Twenty-four GSE students will begin receiving instruction from Fordham faculty members beginning next May. That fall, the graduate students will do their coursework in underperforming city schools under the guidance of mentor-teachers.

A second cohort of 24 graduate students will join the program the following year.

James Hennessy, Ph.D., dean of GSE, said the grant drew interest from 38 educational institutions, but was awarded to only to 11 institutions. Hennessy noted that GSE’s success in joining the program reflects changes it is making to teacher education.

“It’s changing the way we do teacher preparation,” Hennessy said. “It’s a direction that our faculty has been working toward, and the grant will enable us to bring that work forward. So it’s significant.”

The schools in which GSE students will be working must be from a list of low-performing schools with high populations of minority students. In total, GSE maintains partnerships with 25 schools around the city.

“For a lot of folks who submitted applications, getting partnership agreements with schools on the list was not an easy task,” Hennessy said. “Ours was made a little bit easier because we already had relationships with them.”

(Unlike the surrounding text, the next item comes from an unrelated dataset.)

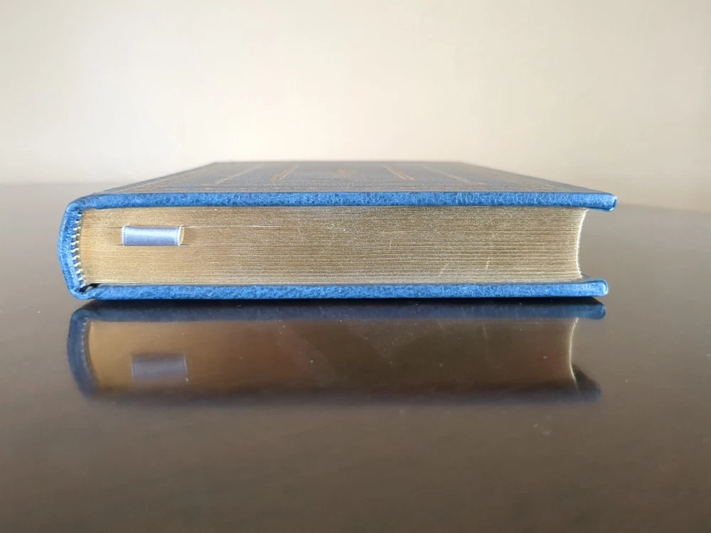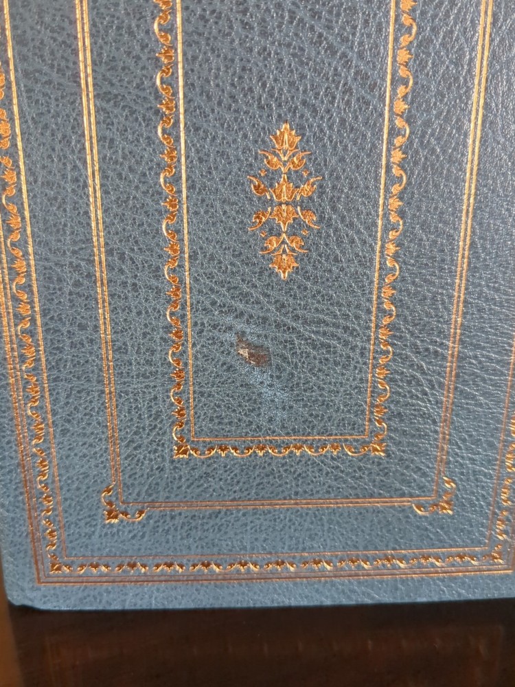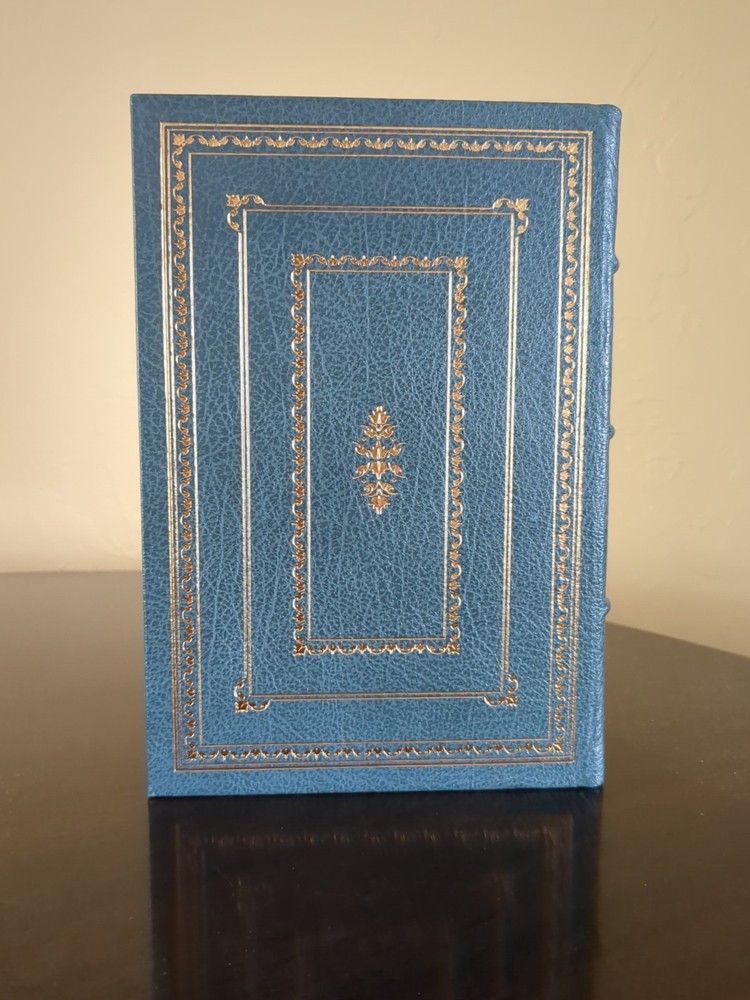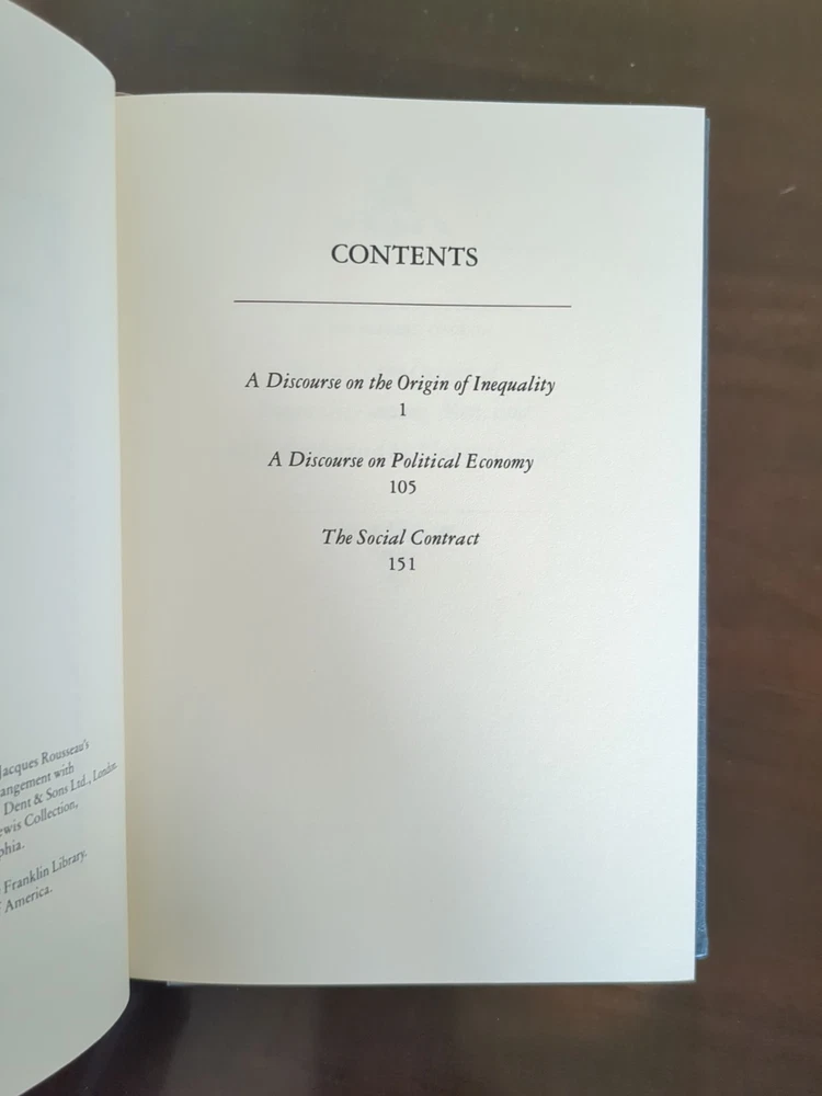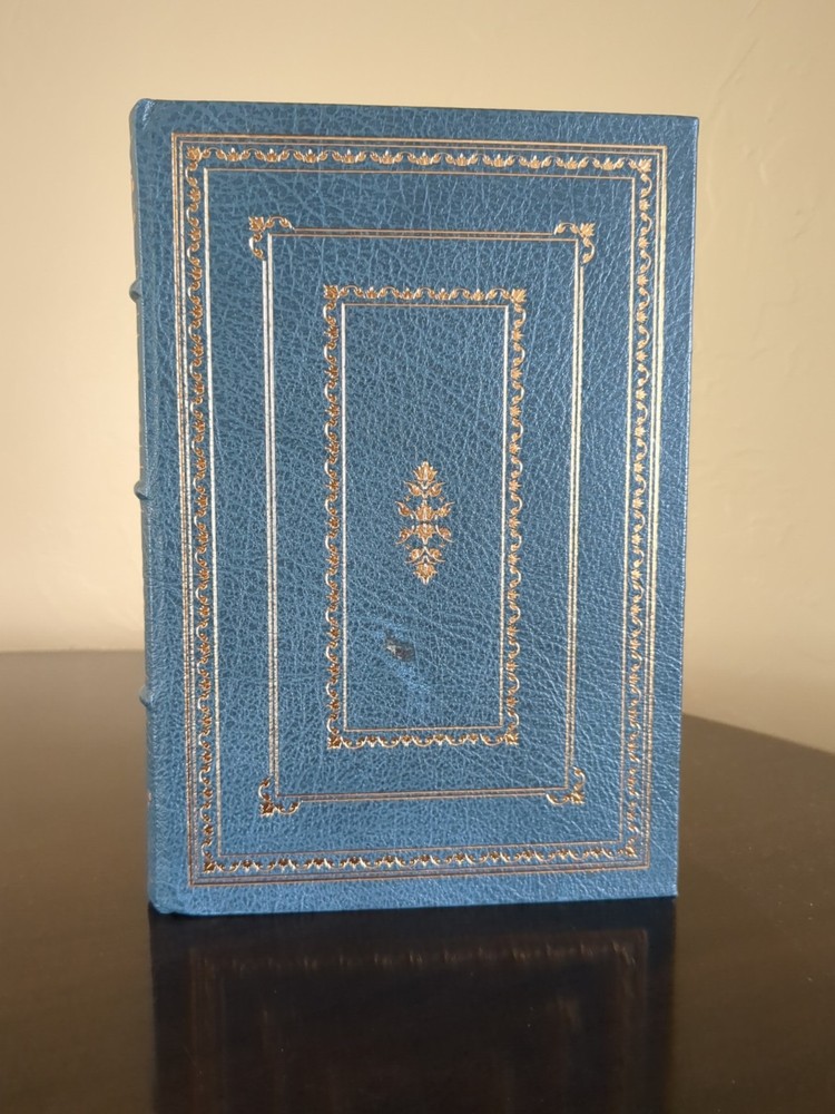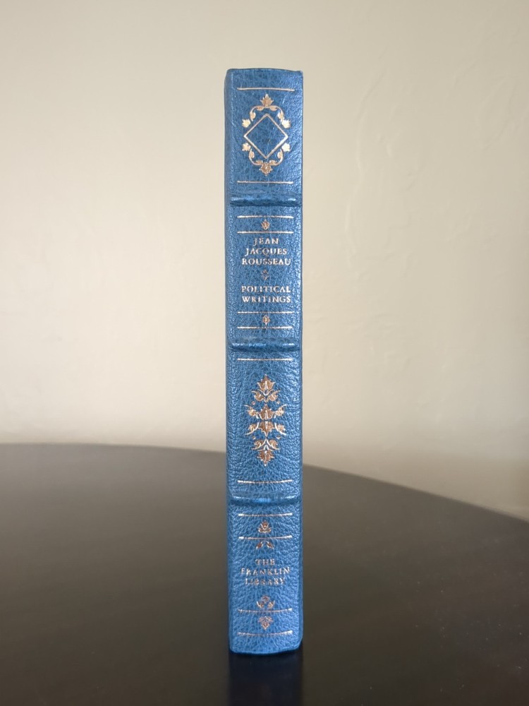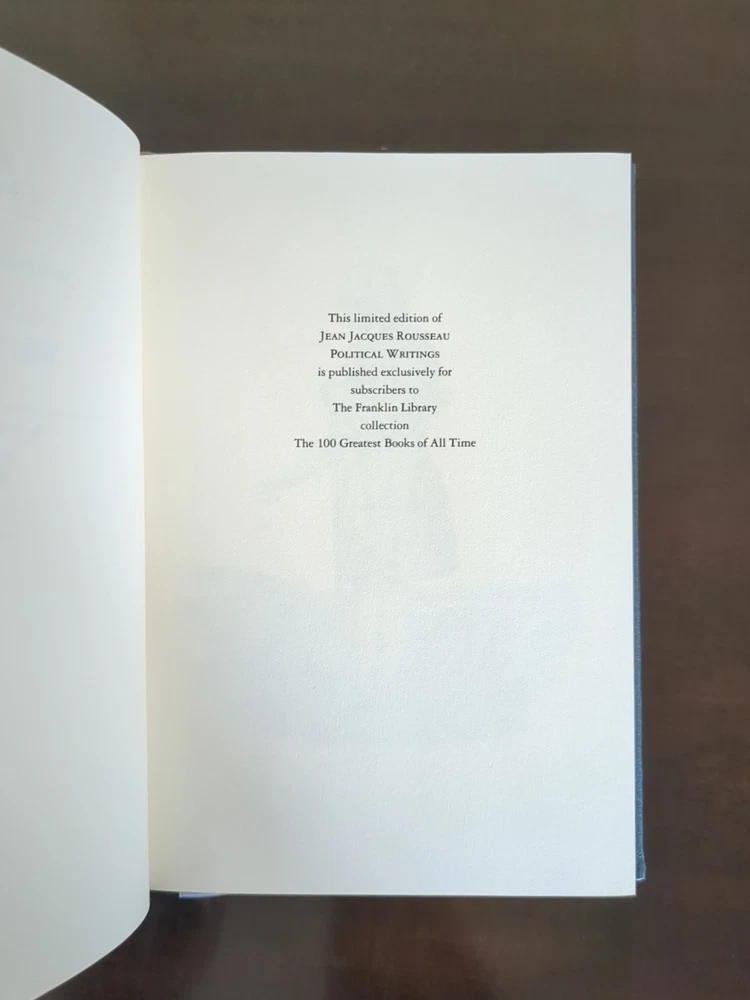 Political Writings of Jean Jacques Rousseau as part of the 100 Greatest Books of All Time Collection by Franklin Library. Leather bound with gold gilt page ends, silk moire end pages and silk marker ribbon. See pictures for details. Note that there is a small black smudge on the front board.

While there always has been an element of student teaching at GSE, this will flip the graduate students’ time from roughly 70 percent on campus and 30 percent teaching in actual classrooms to a 40/60 percent split, respectively, said Marshall George, Ed.D., associate professor of English and literacy education and associate chair of the Division of Curriculum and Teaching.

“One of the reasons we were so successful in the grant proposal is that we were already moving in this direction,” George said. “We had piloted a version of this with Van Guard High School on the East Side, and now we’re in year two of that pilot.”

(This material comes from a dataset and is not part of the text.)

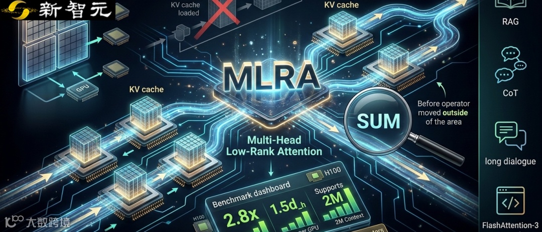 【新智元导读】MLRA通过将KV缓存拆分为四个并行分支,在保持模型质量前提下显著降低显存占用,支持4路张量并行。推理速度较MLA最高提升2.8倍,原生适配百万级上下文,无需牺牲性能即可高效扩展长文本处理能力。

How needy are the schools in question? In the months since Fordham applied for the grant, two of the five schools GSE had planned to teach in have been shuttered by the Department of Education for their low performance.

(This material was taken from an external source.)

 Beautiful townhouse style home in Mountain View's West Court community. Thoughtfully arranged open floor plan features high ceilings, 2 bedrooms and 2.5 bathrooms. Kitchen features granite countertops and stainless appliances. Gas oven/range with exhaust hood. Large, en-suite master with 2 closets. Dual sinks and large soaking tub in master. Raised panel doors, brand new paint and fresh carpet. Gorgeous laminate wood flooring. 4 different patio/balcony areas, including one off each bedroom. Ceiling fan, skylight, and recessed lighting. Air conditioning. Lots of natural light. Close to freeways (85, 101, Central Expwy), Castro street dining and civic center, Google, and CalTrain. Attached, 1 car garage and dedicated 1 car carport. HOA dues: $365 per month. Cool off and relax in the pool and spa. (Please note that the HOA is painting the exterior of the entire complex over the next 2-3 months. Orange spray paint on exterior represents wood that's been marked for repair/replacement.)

“As a Jesuit university, part of our mission is to improve education, so we’ve been preparing teachers to go into these types of schools,” he said.

The search for replacement schools is underway. The other three schools GSE is working with are Discovery High School 549, Joseph H. Wade Intermediate School 117 and Angelo Patri Middle School 391—all in the Bronx.

“By doing this in very high-need, low-performing schools, we’re taking a risk that we’re going to be able to provide high-quality instruction sufficient that those schools eventually will become better-performing schools,” Hennessy said.

“The faculty had been preparing for this kind of change in our regular teacher program, so we weren’t surprised by it,” he continued. “This encouraged us to speed up the process. It’s a challenge, but it’s a good challenge. It’s the kind of challenge we want to have.”